Enabling the software to detect cell division was a particularly unique and challenging aspect of this project, as there are few if any other situations in which artificial intelligence and computer vision must track one object transforming into two. 

“This is a very unusual problem for object tracking,” Shariati said. “If you want to track a car or something, the car will be moving around and you can use machine learning and computer vision to follow them as they move. But for cells, all of a sudden one object becomes two, and that's a fundamentally new problem that we needed to solve, and we were able to do so.” 

DeepSea is a generalizable model, meaning it can be used to track a variety of cell types. It uses a modified version of a popular model, 2D-UNET, with significantly fewer parameters to achieve both fast speeds and high accuracy. 

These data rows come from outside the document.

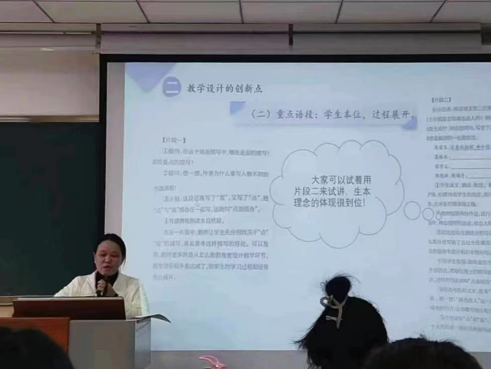 讲座即将结束时,嵇老师让个别同学进行试讲展示,并针对性地进行点评。这堂独特的“讲座+试讲展示”的课堂在同学们的认真听讲中逐渐结束。通过今天的讲座,同学们收获颇丰,受益匪浅!
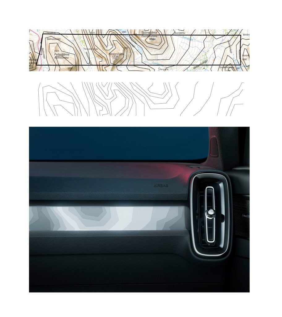Lakier nadwozia Fjord Blue, powstały z inspiracji malowniczymi ujściami rzek na zachodnim wybrzeżu Szwecji, zagląda do kabiny zgrabnie odnajdując swoją kontynuację w tkaninie tapicerki, która rozpościera się od podłogi do centralnej konsoli i przednich drzwi. Stanowi ona jednocześnie tło dla podświetlanych półprzezroczystych elementów deski rozdzielczej i paneli drzwiowych będących ukłonem w stronę majestatycznych górskich widoków parku narodowego Abisko.
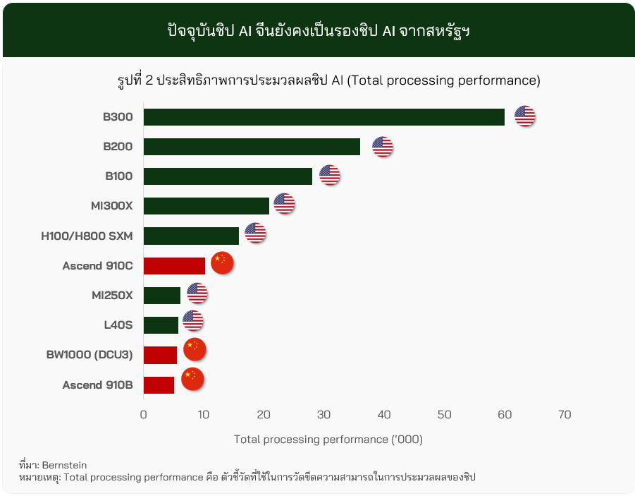 แม้ปัจจุบันจีนจะสามารถผลิตชิปประมวลผลขั้นสูงเองได้แล้ว แต่ประสิทธิภาพยังคงเป็นรองสหรัฐฯ (รูปที่ 2)
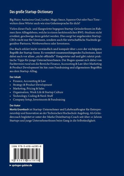 Das Buch erklärt leicht verständlich und kompakt über 1.000 der wichtigsten Begriffe der Startup-Szene. Es vermittelt zusammenhängendes Fachwissen, listet dabei auch vor allem nicht-offizielle Slangwörter auf und gibt zuletzt praktische Tipps für junge UnternehmerInnen. Der Bogen spannt sich dabei von Fachtermini rund um die Bereiche Finance, Accounting & Law über Marketing & Product Development bis hin zum Fundraising und allgemeinen Begriffen aus dem Startup-Alltag.
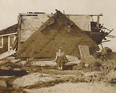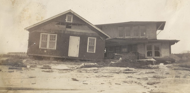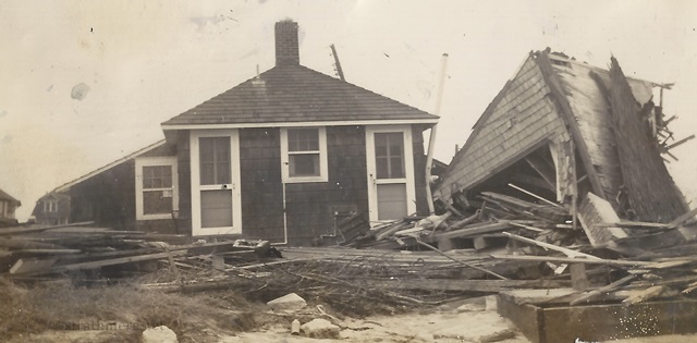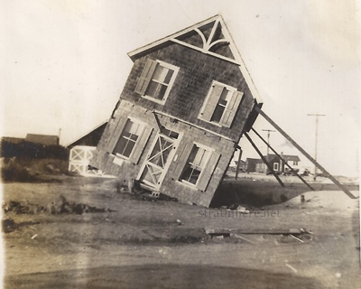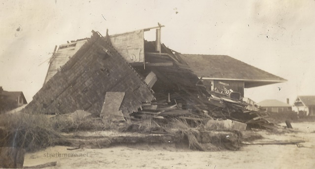 The house with the 4 windows and the roof supports was rebuilt, and then collapsed for good in the 1962 storm.
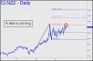 The pennant formation shown is building a base for June Crude to pop to as high as 146.42. This seems incredible and goes against the grain of my recent forecasts, which have implied that crude topped at $121 in March. Even so, I'm forced to consider the possibility of a powerful upthrust, based on the purely technical evidence in the chart. Such a move would not likely be caused by a surge in the global economy, which appears headed toward deep recession. It would also be bucking deflationary headwinds that will continue to mount as higher interest rates crush borrowers. The only way crude could get to $146 is with a massive disruption of the distribution chain such as war might cause. Is the chart predicting a geopolitical conflagration? So it would seem.
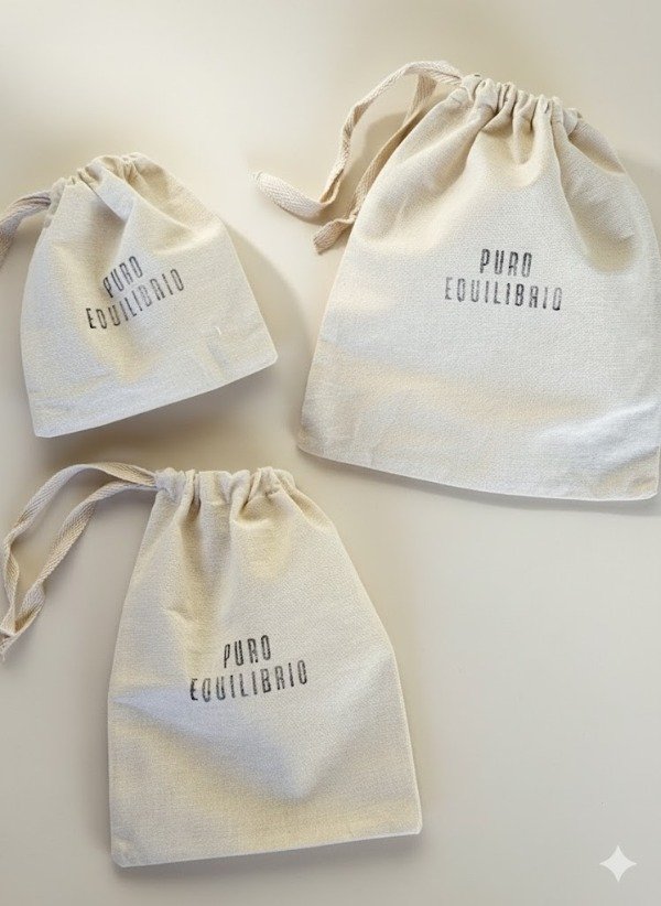 Bolsas de lienzo natural para presentar velas o difusores. Simples, elegantes y reutilizables. Un detalle sutil que realza cada producto.

“We compared our model with some of the best cell segmentation models, and ours is now showing the best results in terms of precision, and speed, especially for these cell types,” said Zarageri, an electrical and computer engineering Ph.D. student in Shariati’s lab who led the creation of the software.

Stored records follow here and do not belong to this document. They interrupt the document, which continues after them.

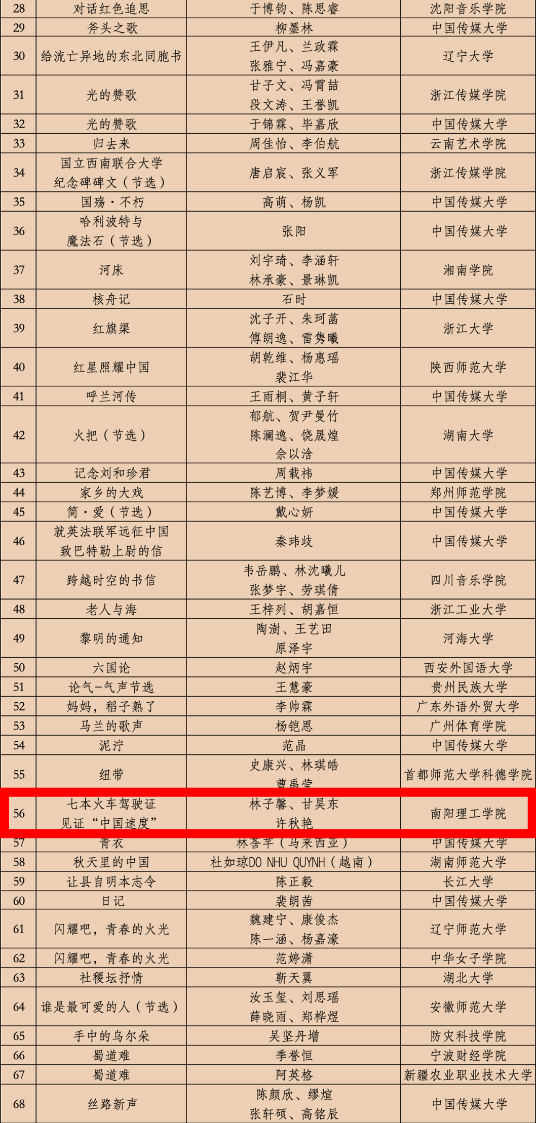 焦帅)近日,中国传媒大学公布第26届齐越朗诵艺术节暨全国大学生朗诵大会全国复选100部作品名单,我校传媒学院播音与主持艺术专业报送的作品《7本火车驾驶证见证“中国速度”》榜上有名。
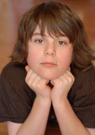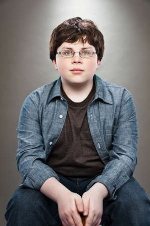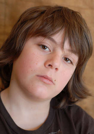 Young boy looking up with hope in his eyes against grunge background flash lit 3 light sources
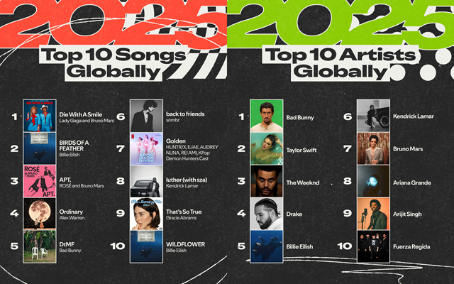 Secara global, artis dengan streaming tertinggi 2025 adalah Bad Bunny, Taylor Swift, The Weeknd, Drake, dan Billie Eilish.
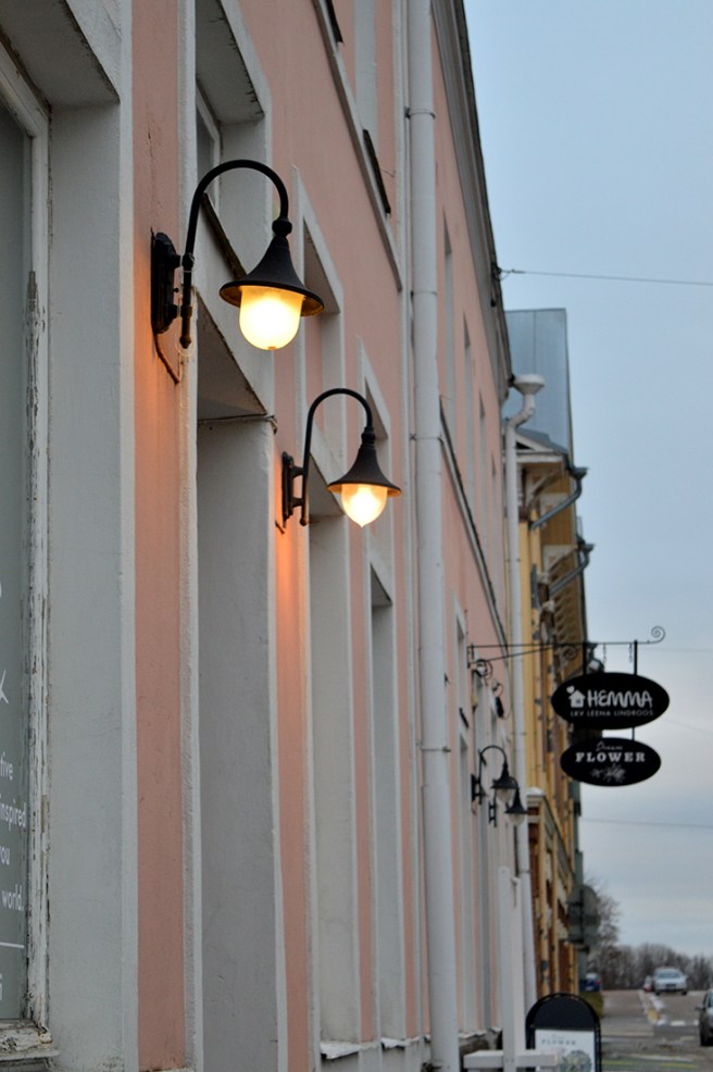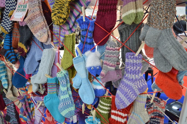 Utanför hantverksaffären Hulda Huoleton brukar det finnas olika intressanta produkter. Tror inte att de här är till salu, men idén med de hängande strumporna är kul ändå.
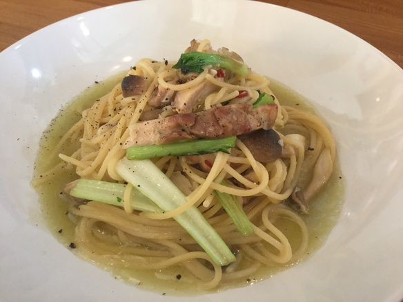 本日の日替りパスタはチキンの塩ガーリックパスタです。
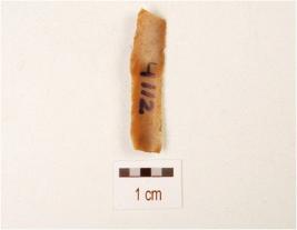 | Description / विवरण | Fragment of a chert blade with prominent mid-ridge on dorsal side, use-wear marks on cutting edge and tirangular in section. |
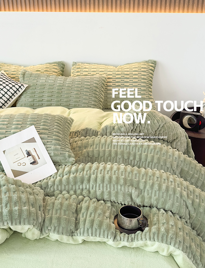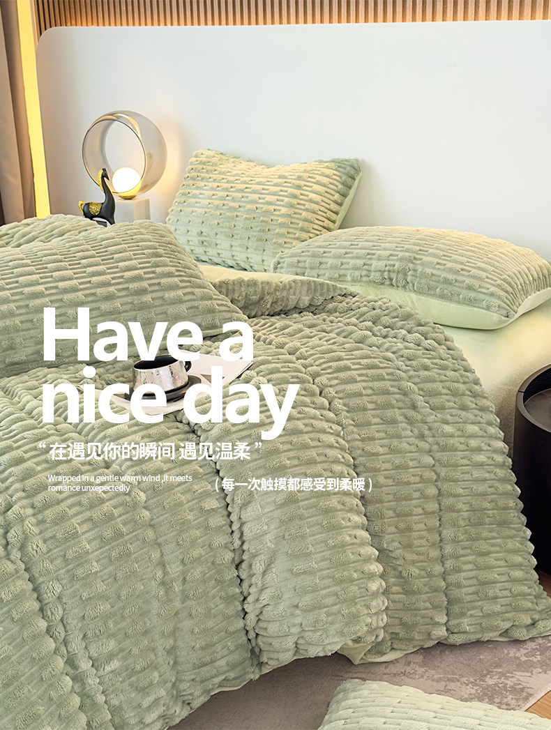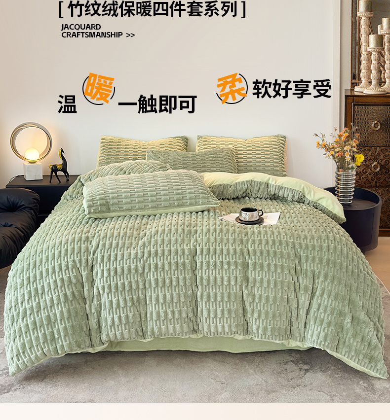 当前位置: 91家纺网 > 商品网购 > 床品套件 > 四件套 > 牛奶绒四件套 > 潮邦创意家居 2025冬季竹纹绒牛奶绒四件套-暖绒竹韵系列 暖绒竹韵-艾绿
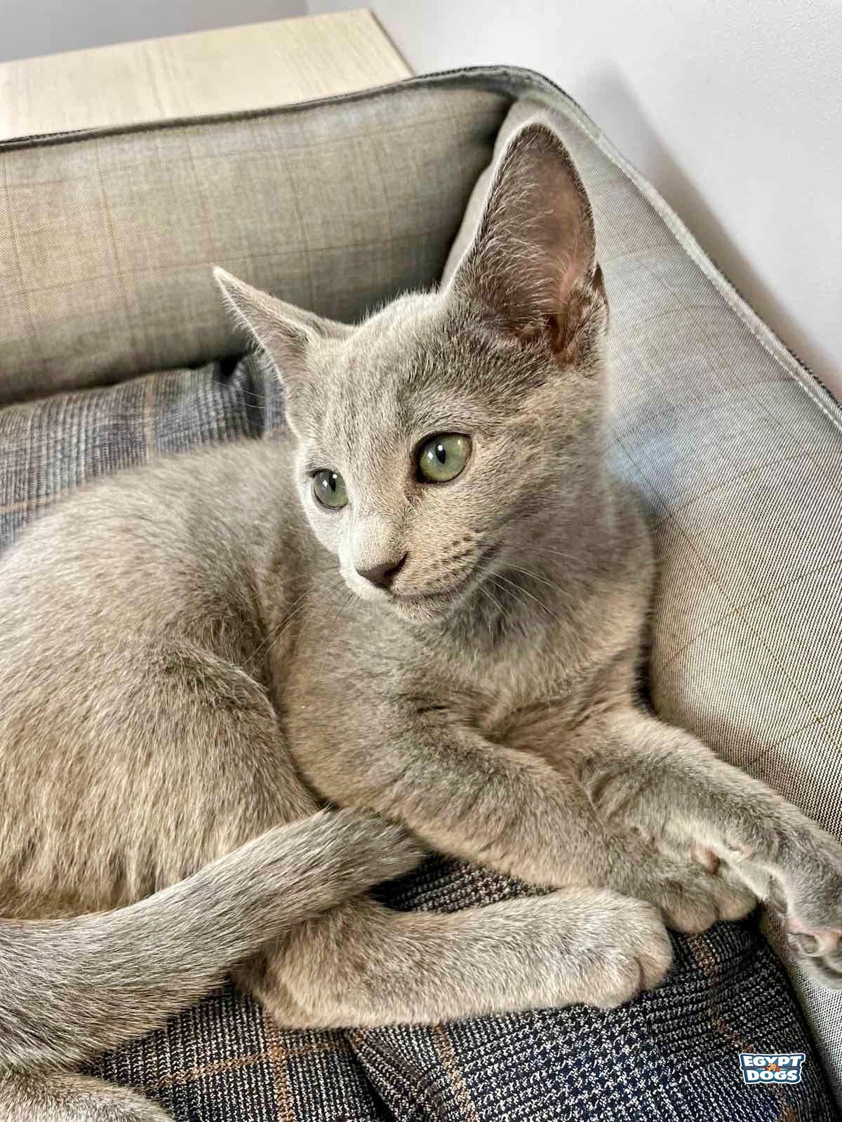 Elegant Russian Blue male kitten with a stunning blue coat and expressive eyes. Jean has a gentle, calm, and affectionate personality, making him a perfect companion.

The researchers trained DeepSea using a dataset of images of cells manually segmented from their backgrounds, a time-intensive process as the images are often low-contrast and the cell bodies hard to make out. To aid in this process, the team developed another software tool to help crop, label, and edit the microscopy images of cells, which is also available at DeepSeas.org.

The training dataset included images of lung, muscle, and stem cells, meaning DeepSea achieves high precision across different cell types. More cell types can be added to future versions of the model. 

The researchers used DeepSea to study the size regulation of embryonic stem cells, which are the foundation of multicellular life and can differentiate into every other cell type. They came away with the discovery that embryonic stem cells, which are known to divide unusually fast, regulate their size so that smaller cells spend a longer time growing before producing the next generation of cells. 

“We found that if an embryonic stem cell is born small, they kind of know that they are small, so they spend more time growing before they go on and divide again,” Shariati said. “We do not know why and how exactly this happens, but at least that phenomenon is there.” 

In the future, the researchers plan to apply their existing software to gather data to study spatial relationships between cells, and how the cellular features are organized in 3-D patterns to form structures. 

The researchers also aim to resolve bottlenecks they have noticed in using their deep learning models, such as the lack of labeled images of cells that are used to train the models. They plan to use a class of machine learning frameworks called Generative Adversarial Networks (GANs) to create new synthetic data and images of cells that are already annotated to cut down on the time it takes to create labels. The researchers would then have large libraries of datasets of any cell type of interest with minimal human involvement.